Something I haven’t yet touched on is the manner in which Fritsch’s work hovers in a space between two and three dimensions of painting and sculpture (what she refers to as two and a half dimensions) as well as between “order and chaos, heaviness and lightness, stillness and movement and between the ‘real’ and the ‘otherworldly’”. The perpetual state of equilibrium that the artist works with and that exists within individual vessels, is also evident in groups of vessels too. One relationship that particularly caught my attention in this show was a familial one between mother and child. Mother and Child, Collision of Particles Vase, Mother (1990) is a fulsome and steady form. The accompanying Mother and Child, Collision of Particles Vase, Child (1990) is stepped, off-kilter and leaning inwards towards the mother as if seeking reassurance.



Elizabeth Fritsch, Vases from Tlön, 1984. Hand-built stoneware with coloured slips. Collection of the artist. © The Artist. Image courtesy Adrian Sassoon, London. Photo: Sylvain Deleu.
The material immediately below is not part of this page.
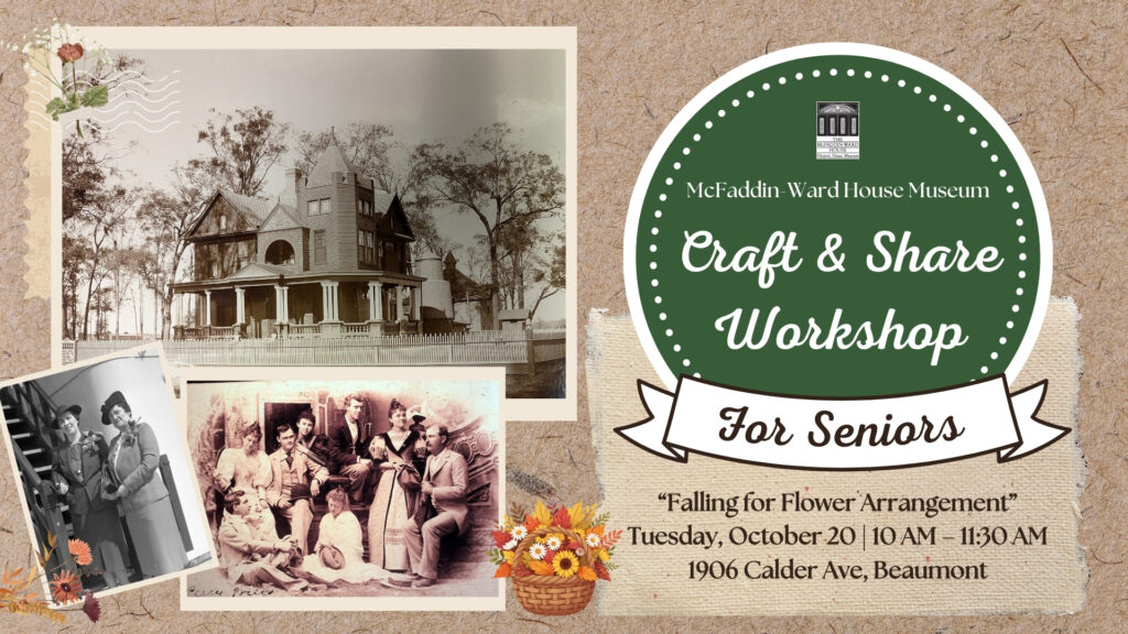 The McFaddin-Ward House Museum invites senior adults (65+) to join in our “Falling for Flower Arrangement” Craft & Share Workshop on Tuesday, October 20, from 10 to 11:30 a.m. in …

In earlier work such as Vase, Giant Steps (1979) and Piano Pot, Pianissimo (1976), the front of the vessels is rounded, abundant and patterned while the rear is flattened and devoid of pattern. This formation makes these pots more akin to painting than anything else, something that is underlined in this exhibition with the presence of Ben Nicholson’s 1954 painting Delos in which the flatness of the image and the balance of the colour palette align well with Fritsch’s vessels displayed close by. Their frontal fullness is flattened by their patterning, too, so they pull back from three dimensions, always resisting their condition as pots while still existing as vessels for the imagination. It is perhaps this constant pull between two and three dimensions, between movement and stillness, between painting and sculpture, that lends these vessels their unique fascination. As the first retrospective of Fritsch’s work in 15 years, it is essential viewing.